Member of the Austrian National Council
- In office 2 December 1930 – 17 February 1934

Member of the Landtag of Styria
- In office 1920–1930

Personal details
- Born: 21 November 1879 Niemes, Bohemia, Austria-Hungary
- Died: November 1965 (aged 85–86) Austria
- Party: Social Democratic Party of Austria (SDAPÖ) Communist Party of Austria (KPÖ)
- Other political affiliations: League of Austrian Socialists in Great Britain Free Austrian Movement (FAM) Association of Democratic Women (BDF)

= Marie Köstler =

Austrian nurse, trade unionist and politician (1879–1965)

Marie Köstler (21 November 1879 – November 1965), also known as Maria or Marie Koestler, was an Austrian nurse, trade unionist and politician. As a member of the Social Democratic Party of Austria (SDAPÖ), she was elected to the Landtag of Styria in 1920 and was elected to the National Council in 1930. She was expelled from Austria in 1934 and lived in exile in London during World War II, where she co-founded the League of Austrian Socialists in Great Britain. She returned to Austria after the end of the war and joined the Communist Party of Austria (KPÖ).

== Biography ==
Köstler was born on 21 November 1879 in Niemes, Bohemia, Austria-Hungary (now Mimoň in the Czech Republic). She grew up with her grandparents as a child (as her father died and her mother was unwell) and moved to Vienna to live with her maternal aunt after her grandfather died. In 1897, she married a Viennese municipal employee.

During World War I, Köstler trained as a nurse and worked in a military hospital in Styria then in the Red Cross regional office in Styria. She founded a nurses' union in Graz in 1917 and was secretary until trade unions were banned in 1934.

As a member of the Social Democratic Party of Austria (SDAPÖ), in 1920, Köstler was elected to the Landtag of Styria (Styrian State Parliament), where she served until 1930. Köstler served as the delegate from Styria to the 1926 Women's Reich Conference. She was chair of the Styrian Women's Regional Committee of the SDAPÖ, succeeding Martha Tausk.

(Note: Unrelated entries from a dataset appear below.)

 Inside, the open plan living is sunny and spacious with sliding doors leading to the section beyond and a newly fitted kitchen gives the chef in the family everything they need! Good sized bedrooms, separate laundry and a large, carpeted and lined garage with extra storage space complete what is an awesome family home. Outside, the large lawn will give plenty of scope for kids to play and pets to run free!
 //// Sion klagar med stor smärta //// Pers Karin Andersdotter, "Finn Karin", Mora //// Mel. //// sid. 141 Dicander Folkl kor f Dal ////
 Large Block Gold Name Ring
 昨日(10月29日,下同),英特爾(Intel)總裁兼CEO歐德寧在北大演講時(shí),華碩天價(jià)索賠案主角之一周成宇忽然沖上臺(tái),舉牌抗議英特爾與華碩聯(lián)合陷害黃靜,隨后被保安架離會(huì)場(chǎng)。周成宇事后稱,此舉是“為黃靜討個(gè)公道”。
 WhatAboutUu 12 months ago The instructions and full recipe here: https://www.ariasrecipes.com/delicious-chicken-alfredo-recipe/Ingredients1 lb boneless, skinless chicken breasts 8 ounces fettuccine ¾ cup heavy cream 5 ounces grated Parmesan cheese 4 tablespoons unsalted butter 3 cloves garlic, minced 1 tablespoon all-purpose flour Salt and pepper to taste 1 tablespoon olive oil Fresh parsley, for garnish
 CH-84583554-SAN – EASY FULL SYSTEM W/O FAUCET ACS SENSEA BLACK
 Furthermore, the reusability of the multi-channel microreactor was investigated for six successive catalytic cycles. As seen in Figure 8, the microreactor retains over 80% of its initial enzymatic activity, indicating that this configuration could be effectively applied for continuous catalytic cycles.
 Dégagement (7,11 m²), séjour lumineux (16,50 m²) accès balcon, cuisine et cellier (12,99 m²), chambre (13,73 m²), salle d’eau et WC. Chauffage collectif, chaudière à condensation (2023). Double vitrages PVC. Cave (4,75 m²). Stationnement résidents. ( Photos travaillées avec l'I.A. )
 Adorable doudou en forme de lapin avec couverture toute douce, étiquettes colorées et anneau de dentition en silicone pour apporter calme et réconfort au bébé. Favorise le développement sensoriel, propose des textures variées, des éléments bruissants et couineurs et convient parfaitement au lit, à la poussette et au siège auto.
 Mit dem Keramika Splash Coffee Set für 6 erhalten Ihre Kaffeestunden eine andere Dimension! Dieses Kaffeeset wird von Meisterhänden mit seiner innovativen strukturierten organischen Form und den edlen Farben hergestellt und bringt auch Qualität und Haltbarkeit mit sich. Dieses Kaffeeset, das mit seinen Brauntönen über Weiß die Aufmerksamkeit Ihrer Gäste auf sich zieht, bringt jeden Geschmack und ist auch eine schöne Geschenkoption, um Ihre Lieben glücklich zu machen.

At the 1930 Austrian legislative election, she was elected to the Austrian National Council, serving during the fourth legislative period. Köstler was arrested in February 1934 for "high treason," was imprisoned in Graz for a few weeks and was expelled from Austria. She emigrated to London, England.

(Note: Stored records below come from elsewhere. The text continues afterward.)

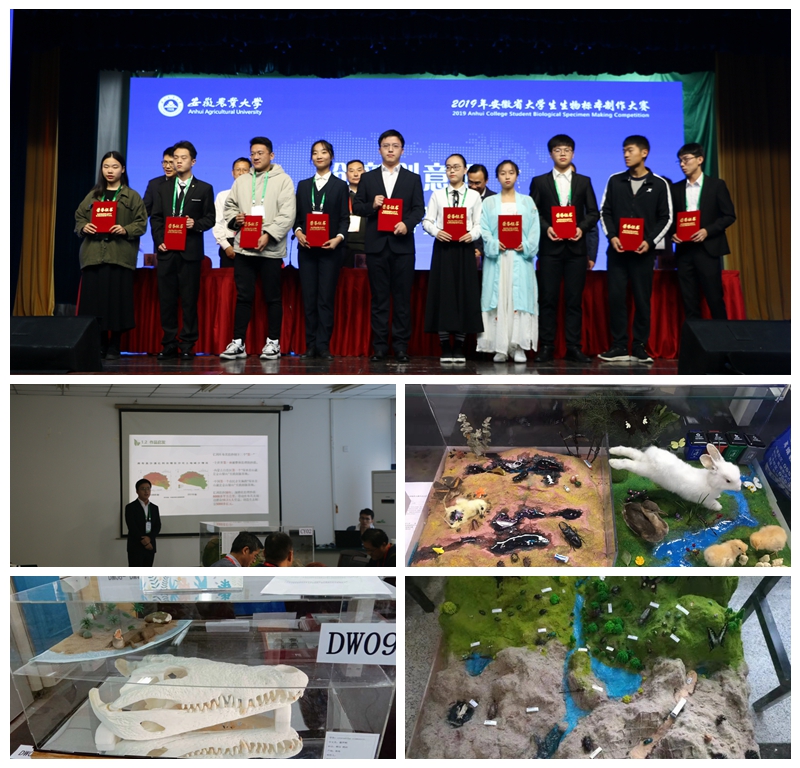 本网讯(生科院 李丽萍 孙凡)11月22至24日,由省教育厅主办的第六届安徽省大学生生物标本制作大赛决赛在安徽农业大学开赛,全省36所高校选送的213件生物标本作品展开激烈比拼,最终经专家投票评选出一等奖作品22件、二等奖作品42件、三等奖作品63件,优秀指导教师53名。我校参赛作品中,斩获一等奖1个,三等奖4个的好成绩,学院杨璐、潘涛2位老师获得“优秀指导教师”荣誉称号。
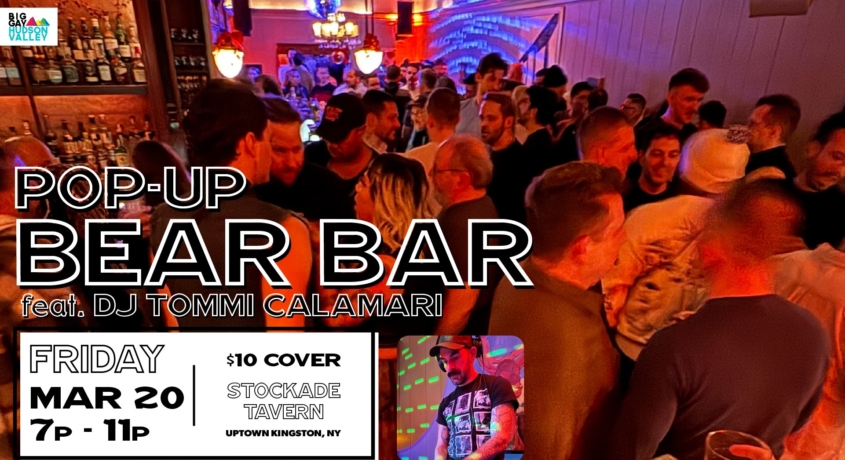 Join Big Gay Hudson Valley for a very special Pop-Up Bear Bar on Friday night, March 20th at the Stockade Tavern in Kingston – complete with beats served by the Hudson Valley’s very-own DJ Tommi Calamari!
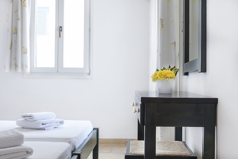The property consists one building with 24 units, a small court yard and a garden and have following facilities: reception (08:00-13:00 & 18:00-21:00 h) with safety box, TV-lounge, Wi-Fi Internet access, breakfast area and small bar, fresh water pool with sun beds, sun beds and umbrellas on the beach (extra charge).All rooms have air conditioning, telephone, satellite TV, refrigerator, bathroom with shower, WC and balcony or terrace.**Important: Please advise arrival time, if arrival outside the reception hours!**Address: 84401 Piso Livadi, Paros, Greece.
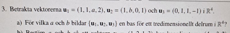 För vilka a och b bildar {u1,u2,u3} en bas i R^4?
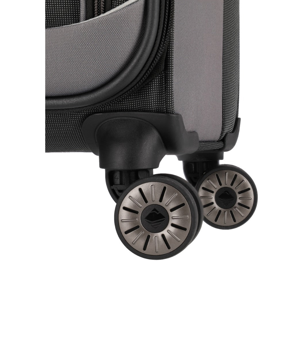 Denne kuffert er udstyret med 4 hjul. Dette giver en fordel, hvis du hovedsageligt skal transportere kufferten henover et jævnt terræn. Derudover giver det dig mulighed for at skubbe kufferten i stedet for at trække den.

Köstler remained politically active as a political émigré and co-founded the League of Austrian Socialists in Great Britain in London with Annie Hatschek. She argued that a broad coalition had to be forged on the political left to win the war against fascism and Nazi Germany. She also participated in the May Day rally of the working-class groups of the Free Austrian Movement (FAM) at Conway Hall in London in 1942.

After the allied victory and end of World War II in Europe, Köstler returned to Austria in 1945 and joined the Communist Party of Austria (KPÖ) in 1946. She became a member of the Central Committee of the KPÖ and a member of the Association of Democratic Women (BDF).

Köstler retired in 1954. She died in November 1965.